Exercise description: Pictures aside, write out the data exactly as it reads.

Provided material:
=======
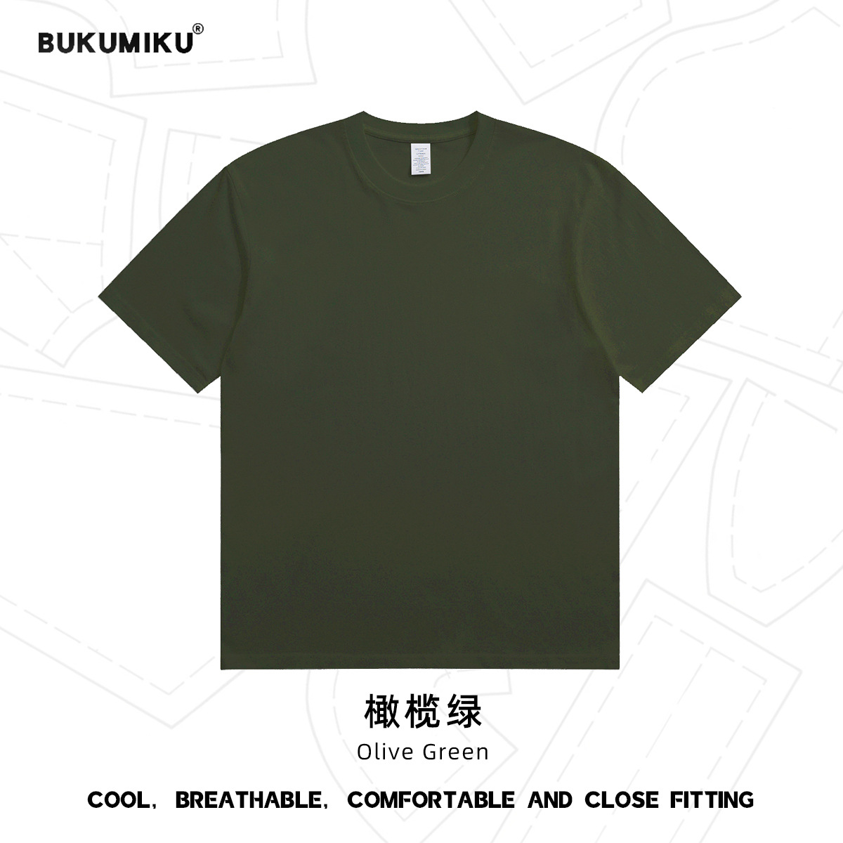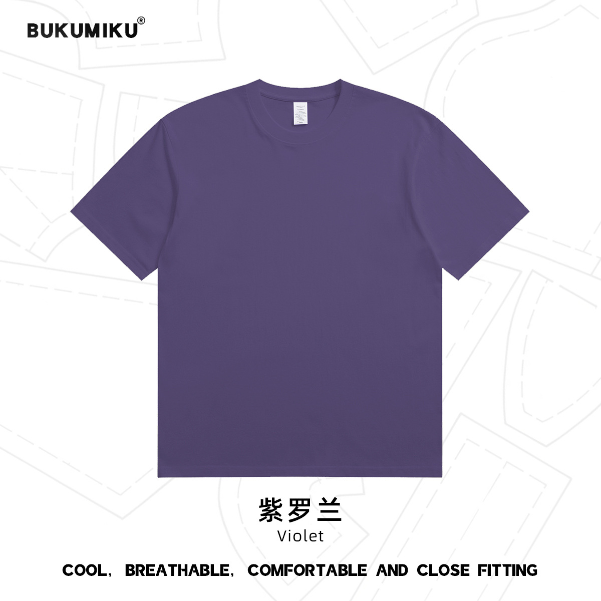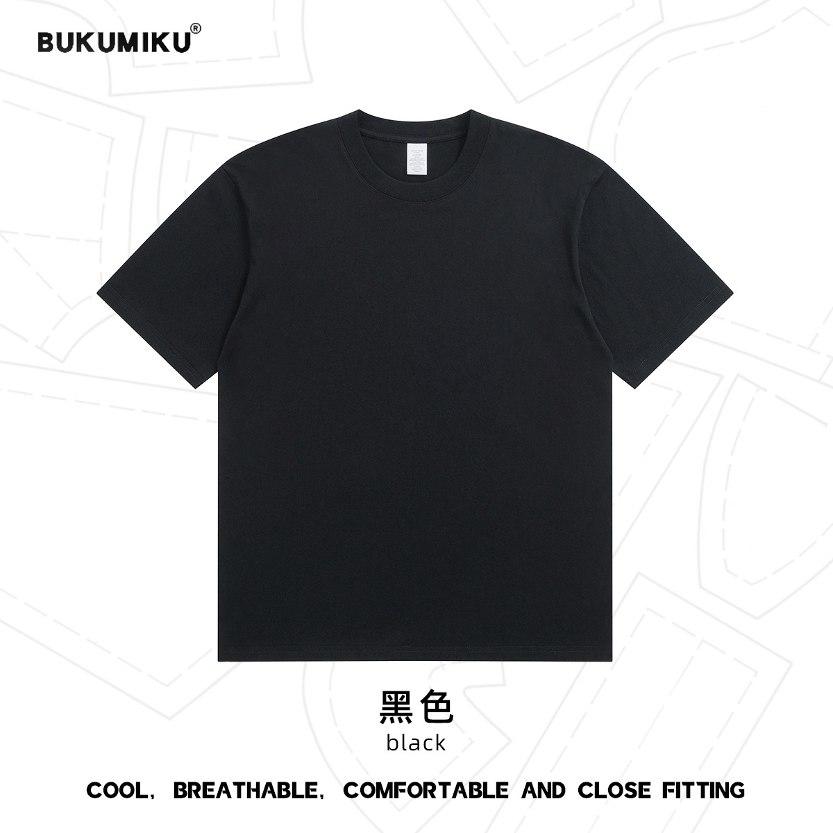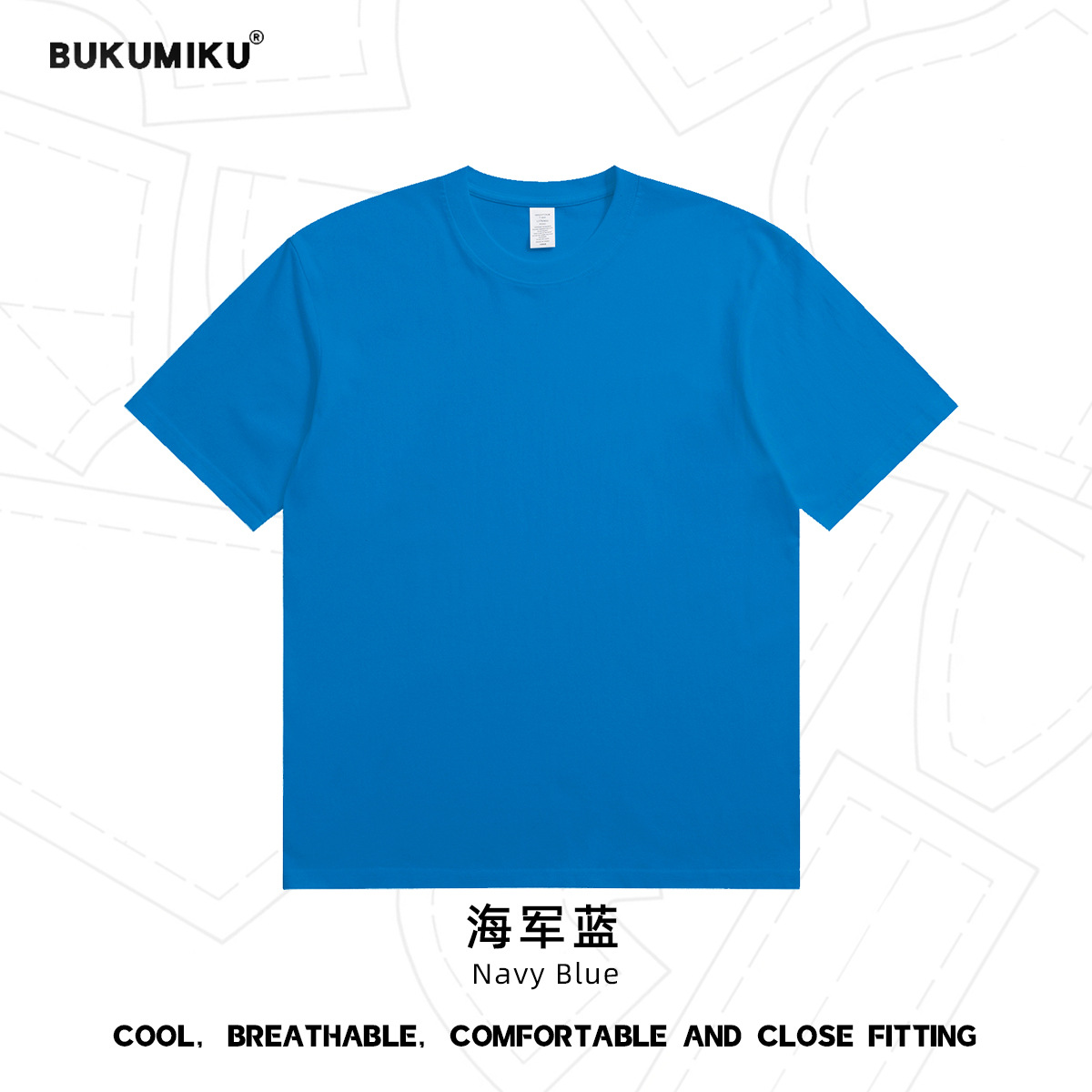 小落肩230克纯棉短袖男士t恤定 制纯色宽松印logo文化衫班服t恤
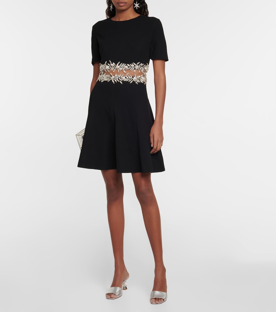 Oscar de la Renta Embellished cutout wool-blend cr????pe minidress
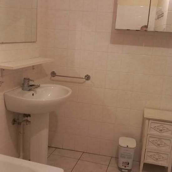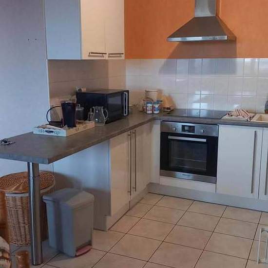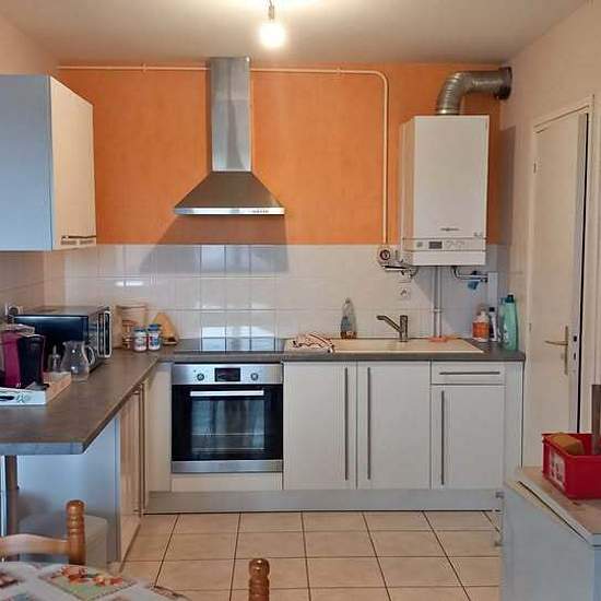 Loue à Francaltroff F3 , 1 er étage , cuisine équipée attenant au séjour, cellier, 2 chambres à coucher, salle de bain avec baignoire et parois de douche, chauffage individuel gaz , parking
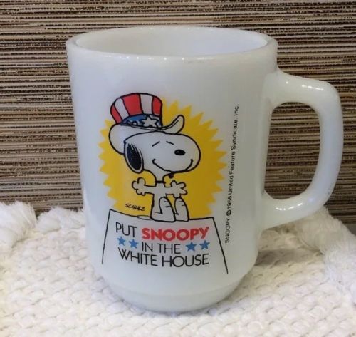 Title (ebay affiliate link): HOCKING FIRE KING "PUT SNOOPY IN THE WHITE HOUSE" COFFEE MUG MILK GLASS CUP 1980
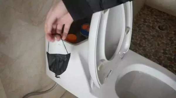 第四步:把扎好的口罩放到马桶后面的水箱里,然后盖上水箱盖,夹住口罩挂耳绳就可以了。
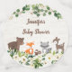 Ce design présente nos adorables petits animaux en bois dans un style aquarelle avec des accents floraux verts et blancs.
=======
Solution to this task:
 小落肩230克纯棉短袖男士t恤定 制纯色宽松印logo文化衫班服t恤
 Oscar de la Renta Embellished cutout wool-blend cr????pe minidress
 Loue à Francaltroff F3 , 1 er étage , cuisine équipée attenant au séjour, cellier, 2 chambres à coucher, salle de bain avec baignoire et parois de douche, chauffage individuel gaz , parking
 Title (ebay affiliate link): HOCKING FIRE KING "PUT SNOOPY IN THE WHITE HOUSE" COFFEE MUG MILK GLASS CUP 1980
 第四步:把扎好的口罩放到马桶后面的水箱里,然后盖上水箱盖,夹住口罩挂耳绳就可以了。
 Ce design présente nos adorables petits animaux en bois dans un style aquarelle avec des accents floraux verts et blancs.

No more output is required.